Caferiye Cami önünde toplandık. Gayemiz komünizme karşı örgütlenmekti. Dernek
ve camii işlerinden anlayan bir akrabam vardı. O gelip bize yardım etti, bize
yol gösterdi… Gülen’in söz konusu
ettiği bu akrabası kimdi ? Dönemin kontrgerilla örgütleriyle ilişkisi var mıydı
? gibi soruları da not düşmek gerekir.
Maraş Katliamının provası Erzurum’da yapılır!
Gülen dernek kurma görevini yerine getirdikten sonra Erzurum
ve çevre illerinde propaganda faaliyetlerine devam eder. Dönemsel olarak
provokasyonların devlet kurumları tarafından çok yaygın olarak kullanıldığı,
halkın manevi ve dini duygularıyla oynanarak, anti-komünist mücadele
stratejisine bir meşruluk kazandırıldığı bir süreçte, Gülen, bir er olmasına
rağmen, zamanının önemli bir kesimini bu çalışmalara ayırır. “Yine ikindi
vaktiydi. Cemaate ‘yazıklar olsun size! Sizin dininizle, peygamberinizle alay edecekler,
siz de kuzu kuzu oturup burada beni dinleyeceksiniz. Onlar ecdadımızın aziz
ruhlarıyla eğlenecekler, siz de Müslüman geçineceksiniz’ gibi sözler söyledim.
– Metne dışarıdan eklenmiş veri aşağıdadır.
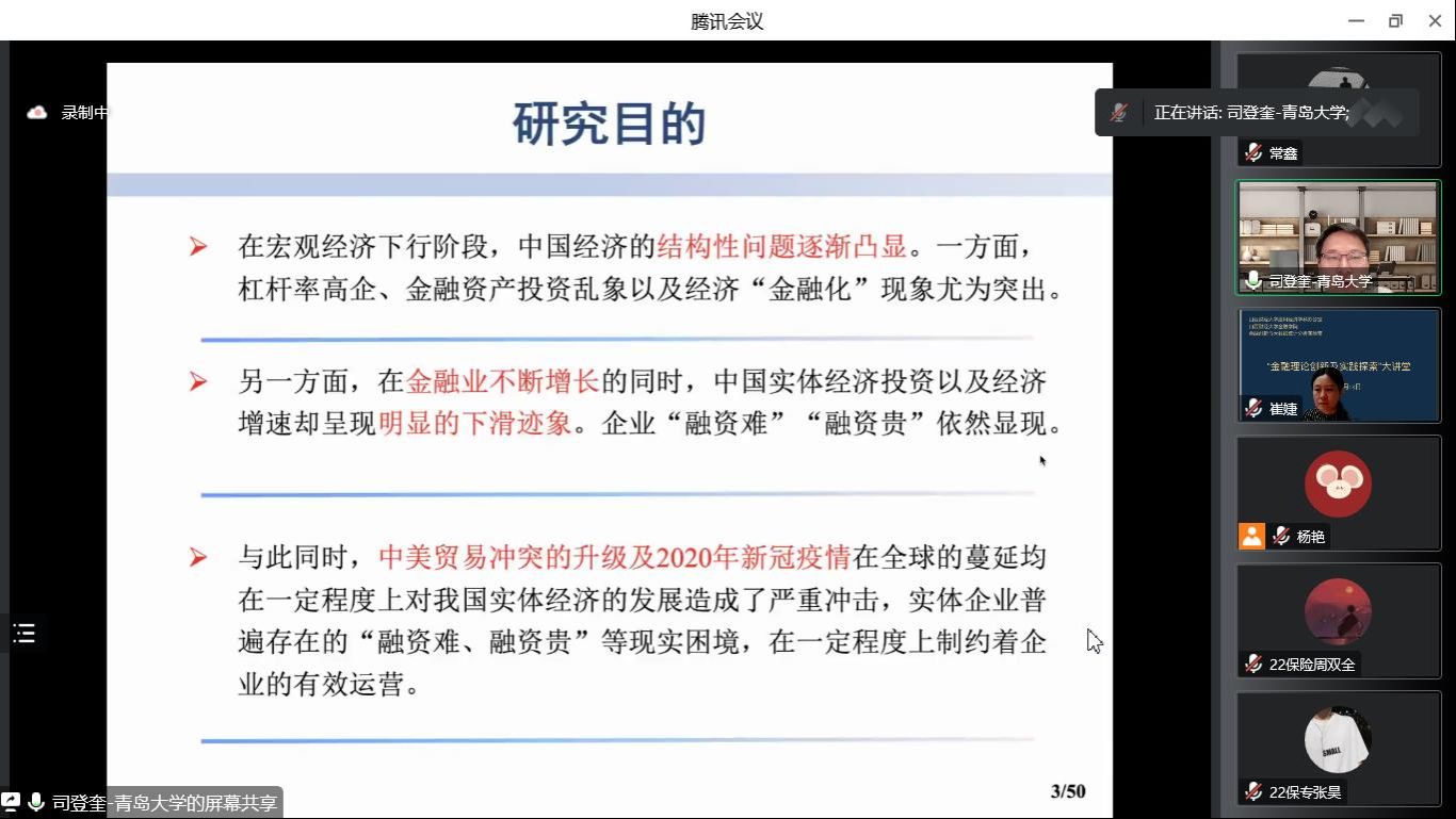 2022年11月17日晚上19:00时,betway88西汉姆网页举办了“金融理论创新及实践探索”大讲堂,由于疫情原因,会议通过腾讯会议的方式举办。

Cemaat birden ayağa kalktı, Ben ‘yok, yok, bizim sokağa dökülmekle işimiz yok,
Bu meseleyi başka yoldan haletmek lazım’ falan dediysem de dinletemedim. Yolda
iltihaklarda olmuş. Büyük bir kalabalık sinemayı basmış. Hadise tamamen bütün
Erzurumlarca benimsenmişti. Bu provokasyon bir ön hazırlık aşamasını taşıyor.
Provokatör ise asker olarak görevlendirilmiş Gülen’in kendisidir. Maraş
katliamı sırasında, aynı oyun oynanmış, bir sinema ateşe verilmişti. Gülen
bunun tatbikatını Erzurum’da birkaç yıl önce denemiş ve başarılı olduğunu
görmüştü.
Üç aylık izin süresi dolar ve hastalık gerekçesiyle bir aylık
izin daha alır. Böylece 4 aylık süre Erzurum ve çevresinde çok boyutlu
örgütlenmeler yapar. Bir başka gün yine camide ‘Deccal’ı anlatmaya karar verir.
Vaaz sırasında “Deccal hakkında ne biliyorsam anlattım. Cami miting meydanına
dönmüştü. Cemaat bazen heyecandan ayağa kalkıp oturuyor. Meğer istihbarat
erkenden gelip kürsünün etrafını almış ve belki de konuşmaları kaybetmişler.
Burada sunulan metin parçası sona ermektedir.